LayerNorm is part of the story but not the main character. The dominant cause of collapse onto safe, predictable outputs sits somewhere later in the model: the final language-model head that maps internal representations to vocabulary probabilities, plus the sampling step itself. LayerNorm only matters when the decoder is also doing something exploratory, like high-temperature sampling. If you want a model to be more creative, relaxing LayerNorm alone will not get you very far. You also have to give the decoder room to actually express the wider geometry, and the most promising next direction is probably to look at the language-model head, not LayerNorm.
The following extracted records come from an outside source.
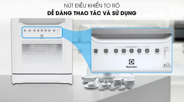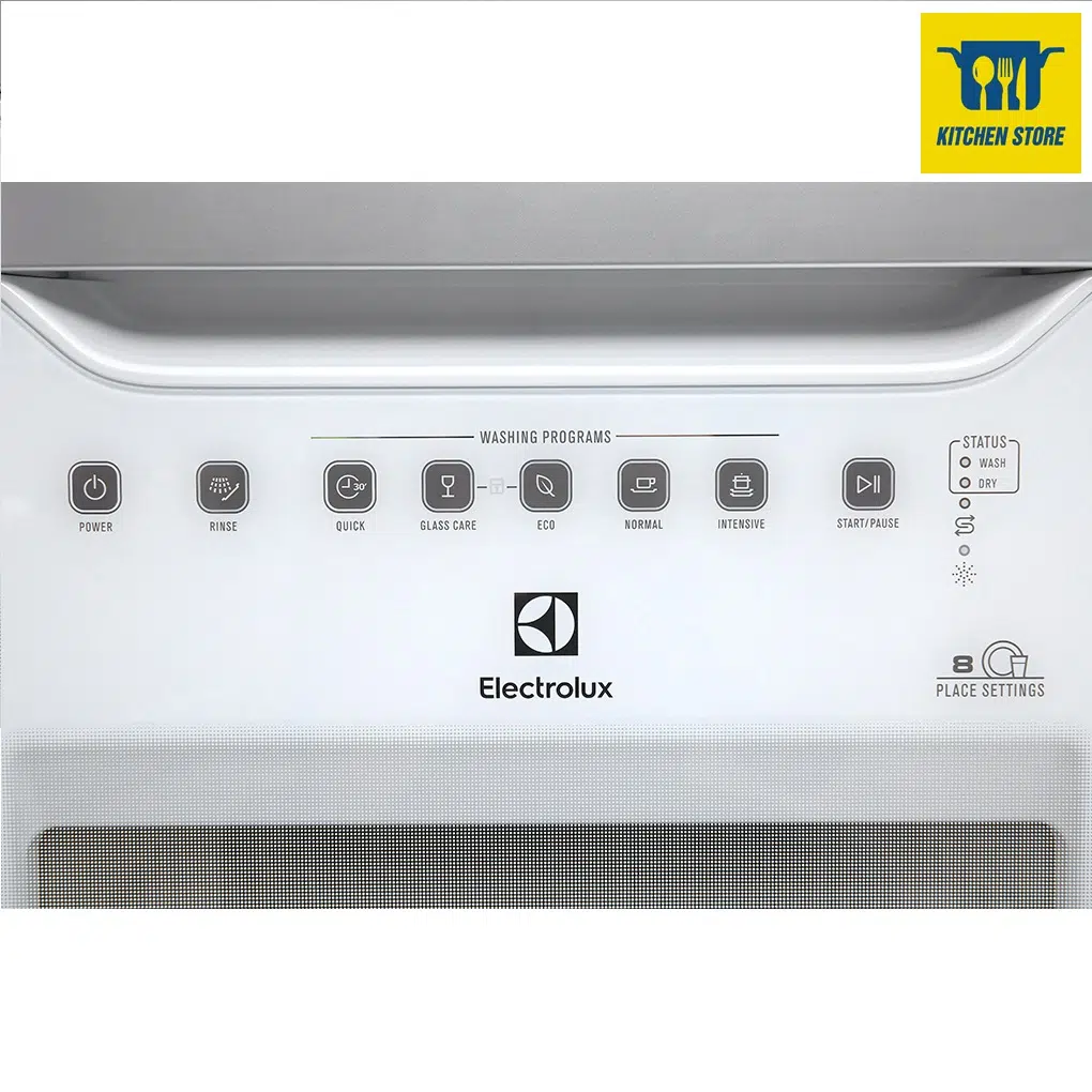 Máy rửa bát Electrolux mini với công suất 1480W rửa bát đĩa nhanh chóng, sạch bóng một cách dễ dàng và có thể rửa 8 bộ đồ ăn châu Âu, tương đương với 2 bữa ăn Việt của gia đình từ 2 – 3 người.
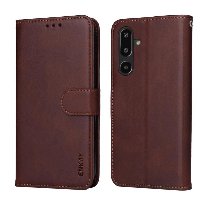 Θήκη κινητού τηλεφώνου ENKAY για Samsung Galaxy F16 / M16, δερμάτινη με υφή μοσχαριού και θήκη για κάρτες (Ροζ) (ENKAY) με προστατευτική μεμβράνη οθόνης. (Καφέ)
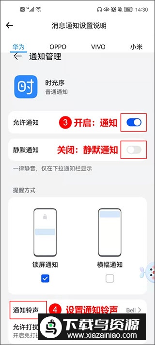 1、请在提醒通知设置页面,保持“允许通知”开关为开启状态。
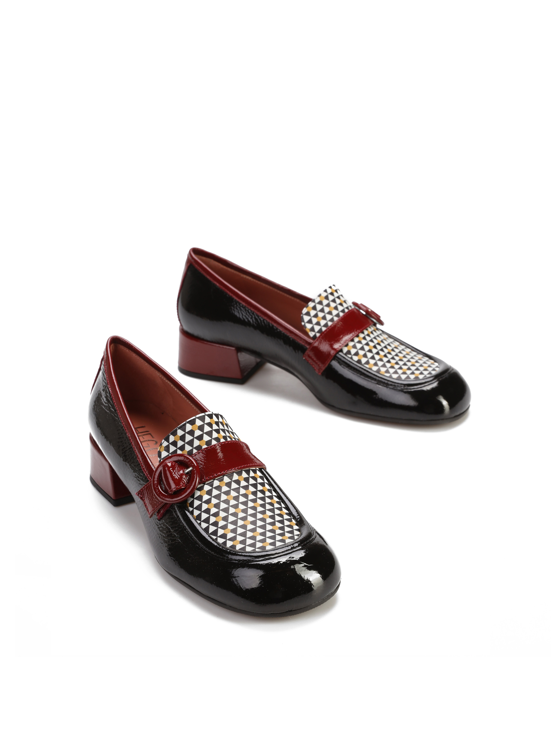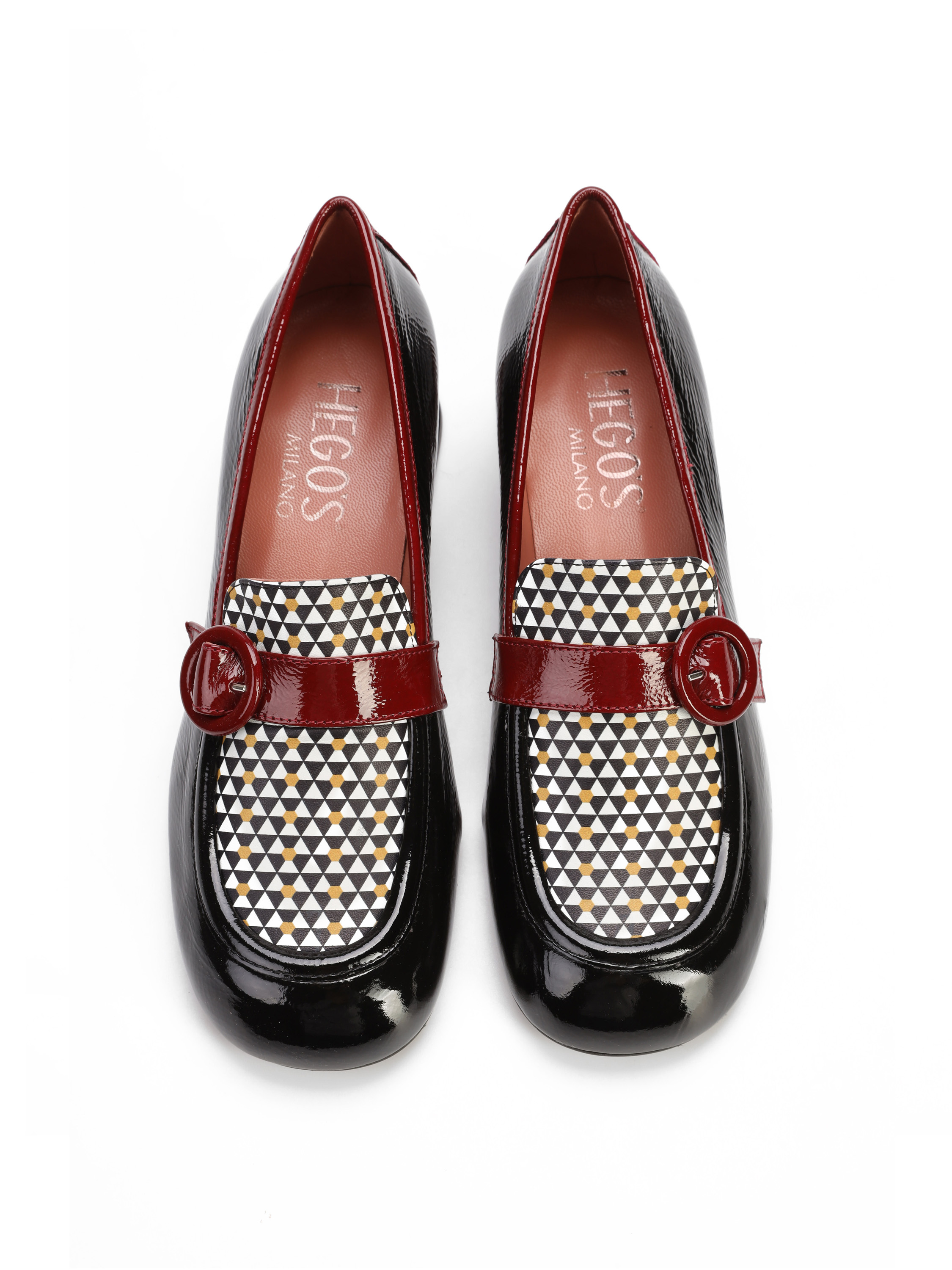 Mokasyny na niskim obcasie wykonane są z włoskiej skóry lakierowanej. Cholewka w modnym połączeniu kolorystycznym posiada wyższy język oraz regulowany pasek zapinany na sprzączkę.
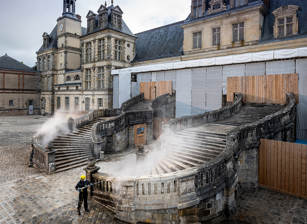 Kärcher s’est associé au château de Fontainebleau pour participer à la remise en état de l’un de ses joyaux: l’escalier en fer à cheval.
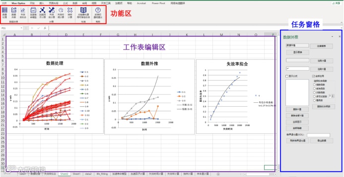 我们开发的可靠性数据分析插件基于Microsoft Excel,能够快速处理光电芯片及器件的老化数据,帮助用户便捷地进行分析和计算。插件可以生成外推寿命、失效时间、失效率和加速模型等关键参数。具备用户友好、低学习成本、图表化展示等优点。

Can a Chatbot Replace Spotify's Recommender?

The question. Recommendation systems have decades of engineering behind them. Most of them rely on what other users like you listened to (collaborative filtering) or what songs are similar to the ones you already listen to (content-based filtering). A general LLM has none of that infrastructure, but it has a lot of world knowledge about music: which artists are similar, which albums followed which, what an angsty pop-punk fan also tends to like. The question is whether feeding your listening history into a chatbot and asking for recommendations works as well as the kind of algorithms that powered classic recommender systems like "Discover Weekly".

What the agents tried.

Claude ran the most rigorous evaluation. They built a candidate pool of 20 tracks per user (mixing held-out positive examples, items co-listened by similar users, and popularity-stratified fillers) for 24 Last.fm users, then asked Claude Sonnet 4.5, GPT-4.1, and four classical baselines (random, popularity, item-kNN collaborative filter, TF-IDF content-based filter) to rank the same pool. They measured ranking quality, popularity bias, and how much the LLM was actually using the listening history versus its own priors.
Codex ran a similar closed-set ranking task on Last.fm and on the Spotify Million Playlist Dataset, comparing GPT-4.1 and Claude Sonnet 4.5 against popularity and a co-occurrence baseline. They tested two prompts: a minimal one (just history plus candidate list) and a richer one with profile hints like top artists.
Gemini used a different setup, taking Reddit-based conversational music recommendations as a human-curated gold standard and asking GPT-4o to act as an independent judge between LLM recommendations and the human ones.

What happened.

Across all three studies, the LLMs held up well. Claude found that Claude Sonnet 4.5 and GPT-4.1 with listening history beat the popularity baseline cleanly on rank-quality (NDCG@10 went from 0.17 to 0.38) and matched the strongest classical baseline (TF-IDF content filter) within statistical noise. They did not win by recommending only popular songs (their average popularity score was actually below the content-based baseline). The clearest signal was the personalization check: when the same LLM was given just the candidate list with no history, it dropped below random. So when it does well with history, it really is using the history.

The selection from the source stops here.